Delineation may be accomplished with a variety of methods. Often, delineation is itself considered to be the entire segmentation problem, in which case related solutions are considered to be solutions to the segmentation problem. However, it is helpful to distinguish between recognition and delineation to understand and help solve the difficulties encountered in segmentation. Approaches to delineation can be broadly classified as boundary-based or region-based.
In boundary-based delineation, an object description is output in the form of a boundary surface that separates the object from the background. The boundary description may take the form of a hard set of primitives (eg, points, polygons, surface patches, voxels) or a fuzzy set of primitives such that each primitive has an assigned grade of "boundariness."
In region-based delineation, an object description is output in the form of the region occupied by the object. The description may take the form of a hard set of voxels or of a fuzzy set such that each voxel in the set has an assigned grade of "objectness." With the former method, each voxel in the set is considered to contain 100% object material; with the latter method, this value may be anywhere from 0% to 100%.
Object knowledge usually facilitates recognition and delineation of that object. Paradoxically, this implies that segmentation is required for effective object segmentation. As we have noted, segmentation is needed to perform most of the preprocessing operations in an optimal fashion. It will be seen later that segmentation is essential for most visualization, manipulation, and analysis tasks. Thus, segmentation is the most crucial among all 3D imaging operations and also the most challenging.
Knowledgeable human beings usually outperform computer algorithms in the high-level task of recognition. However, carefully designed computer algorithms outperform human beings in achieving precise, accurate, and efficient delineation. Clearly, human delineation cannot account for graded object composition. Most of the challenges in completely automating segmentation may be attributed to shortcomings in computerized recognition techniques and the lack of delineation techniques that can handle graded composition and hanging-togetherness.
There are eight possible combinations of approaches to recognition and delineation, resulting in eight different methods of segmentation.
With hard, boundary-based automatic segmentation, thresholding and isosurfacing are most commonly used (2932). In these techniques, a scene intensity threshold is specified and the surface that separates voxels with an intensity above the threshold from those with an intensity below the threshold is computed. Methods differ as to how the surface is represented and computed and whether surface connectedness is taken into account. The surface may be represented in terms of voxels, voxel faces, points, triangles, or other surface elements. If connectedness is not used, the surface obtained from a scene will combine discrete objects (eg, the femur and the patella in Fig 3); with connectedness, each of the objects can be represented as a separate surface (assuming they are separated in the 3D scene).
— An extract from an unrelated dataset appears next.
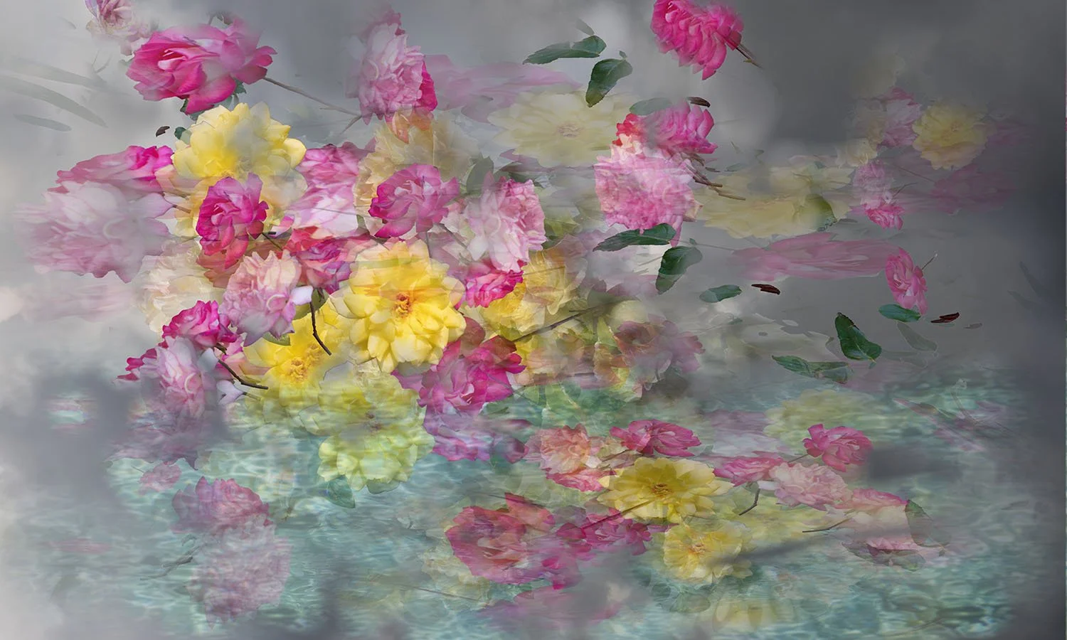 Step into a dreamlike world with this mesmerizing surreal flower art, where delicate roses in soft pink and golden hues float effortlessly, reflecting in tranquil waters. This piece captures a sense of serenity and mystery, blending reality with a touch of fantasy. The gentle ripples of the water and the ethereal quality of the reflections create a soothing, almost meditative effect—perfect for bringing a calming atmosphere into your home.

In Figure 6, the isosurface is connected and is represented as a set of faces of voxels (29).
In addition to scene intensity threshold, intensity gradient has also been used in defining boundaries (33).
Another method of segmentation is fuzzy, boundary-based automatic segmentation. Concepts related to fuzzy boundaries (eg, connectedness, closure, orientedness) that are well established for hard boundaries are difficult and as yet undeveloped. However, computational methods have been developed that identify only those voxels that are in the vicinity of the object boundary and that assign each voxel a grade of "boundariness" (34,35). These methods use scene intensity or intensity gradient to determine boundary gradation (Fig 9).
In hard, boundary-based, human-assisted segmentation, the degree of human assistance ranges from tracing the boundary entirely by hand (manual recognition and delineation) to specifying only a single point inside the object or on its boundary (manual recognition and automatic delineation) (3641). In routine clinical applications, manual boundary tracing is perhaps the most commonly used method. On the other hand, boundary detection methods requiring simple user assistance based on intensity (36,37) and gradient criteria (3841) have been developed. However, these methods cannot be guaranteed to always work correctly in large applications.
There are many user-assisted methods besides those just described that require different degrees of human assistance for segmentation of each scene (4248). In view of the inadequacy of the minimally userassisted methods mentioned earlier, much effort is currently being directed toward developing methods that take a largely manual approach to recognition and a more automatic approach to delineation. These methods go under various names: active contours or snakes (4244), active surfaces (45,46), and live-wire (live-lane) (47,48).
In active contour and active surface methods, a boundary is first specified (eg, by creating a rectangle or a rectangular box close to the boundary of interest). The boundary is considered to have certain stiffness properties. In addition, the given scene is considered to exert forces on the boundary whose strength depends on the intensity gradients. For example, a voxel exerts a strong attractive force on the boundary if the rate of change in intensity of the voxel is high. Within this static mechanical system, the initial boundary deforms and eventually assumes a shape for which the combined potential energy is at a minimum. Unfortunately, the steady-state shape is usually impossible to compute. Furthermore, whatever shape is accepted as an alternative may not match with the desired boundary, in which case further correction of the boundary is needed. In assessing the effectiveness of these segmentation methods, it is important to evaluate their precision (repeatability) and efficiency (defined in terms of the number of scenes that can be segmented per unit time). Such evaluations have not been performed for methods described in the literature.
The principles underlying live-wire (live-lane) methods (47,48) are different from those for active boundary methods. In live-wire methods, every pixel edge is considered to represent two directed edges whose orientations are opposite each other. The "inside" of the boundary is considered to be to the left of the directed edge, and its outside to the right. Each directed edge is assigned a cost that is inversely related to the "boundariness" of the edge. Several local features are used to determine the cost and include intensity to the left (inside) and right (outside) as well as intensity gradient and its direction. In the 2D live-wire method, the user initially selects a point (pixel vertex) vo on the boundary of interest. The computer now shows a "live-wire" segment from vo to the current mouse cursor position v. This segment is an oriented path consisting of a connected sequence of directed pixel edges that represents the shortest possible path from vo to v. As the user changes v through mouse movement, the optimal path is computed and displayed in real time. If v is on or close to the boundary, the live wire "snaps" onto the boundary (Fig 10); v is now deposited and becomes the new starting point and the process continues. Typically, two to five points are sufficient to segment a boundary (Fig 10). This method and its derivatives are shown to be two to three times faster and statistically significantly more repeatable than manual tracing (47). Its 3D version (48) is about 315 times faster than manual tracing. Note that, in this method, recognition is manual but delineation is automatic.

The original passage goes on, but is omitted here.